- _YOUR OBJECTIVE_: Without the pictures, can you quote each line below exactly?

- _SOURCE DATA_:
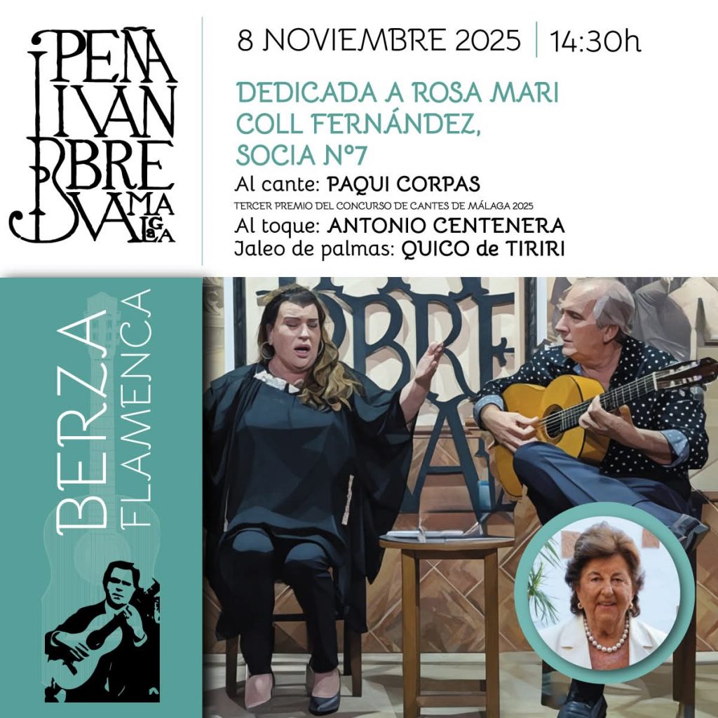 14.30 horas. Peña Juan Breva de Málaga. Berza Flamenca, con Paqui Corpas, al cante, Antonio Centenera, al toque, y Quico de Tiriri, a las palmas.
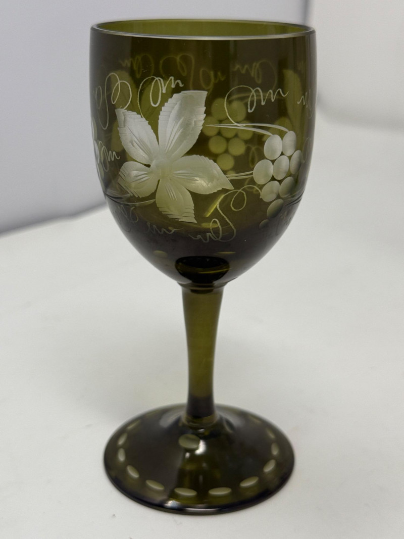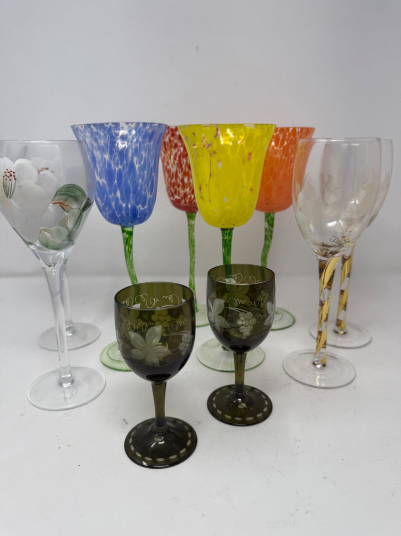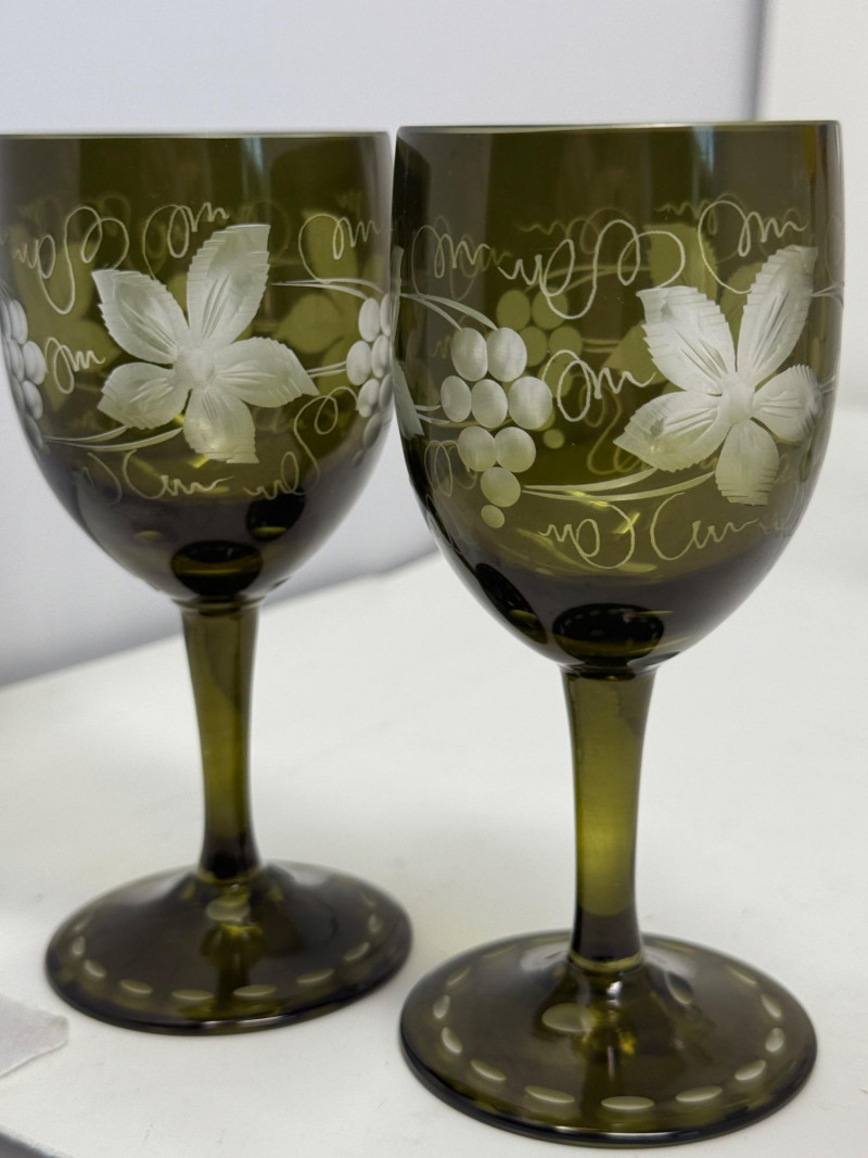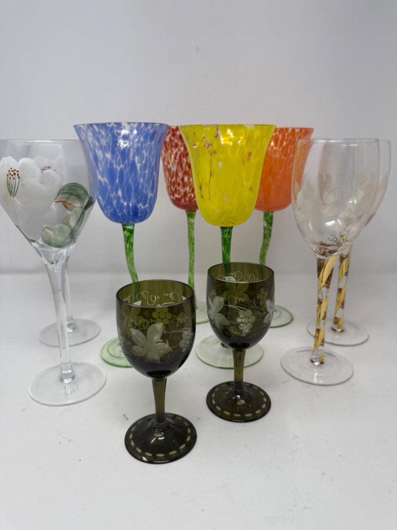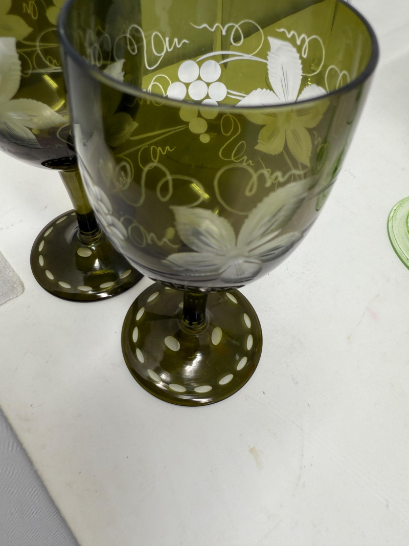 10 pc Fancy Stemware -Blown, Hand Painted & Etched Colored glass tulip stems are 9” Vintage olive green grape leaf and vine small etched stems are 5”
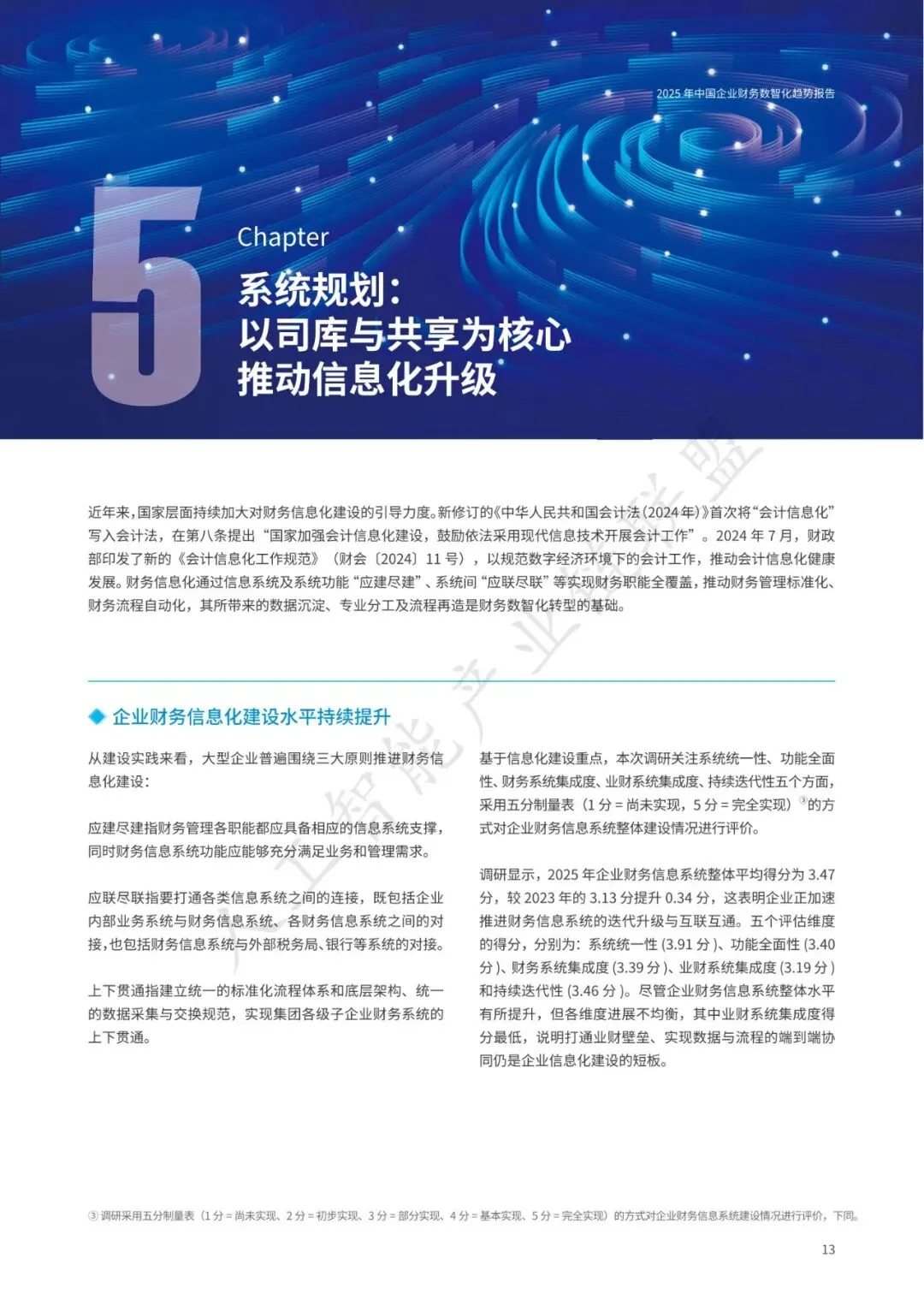 本调研显示,超过80%的企业已明确将财务数智化纳入战略议程,然而战略共识尚未完全转化为系统性的落地能力,在数据治理、业财系统集成、高价值场景拓展以及复合型人才培养等方面,仍存在不足。

- _SOLUTION TO THIS TASK_:
 14.30 horas. Peña Juan Breva de Málaga. Berza Flamenca, con Paqui Corpas, al cante, Antonio Centenera, al toque, y Quico de Tiriri, a las palmas.
 10 pc Fancy Stemware -Blown, Hand Painted & Etched Colored glass tulip stems are 9” Vintage olive green grape leaf and vine small etched stems are 5”
 本调研显示,超过80%的企业已明确将财务数智化纳入战略议程,然而战略共识尚未完全转化为系统性的落地能力,在数据治理、业财系统集成、高价值场景拓展以及复合型人才培养等方面,仍存在不足。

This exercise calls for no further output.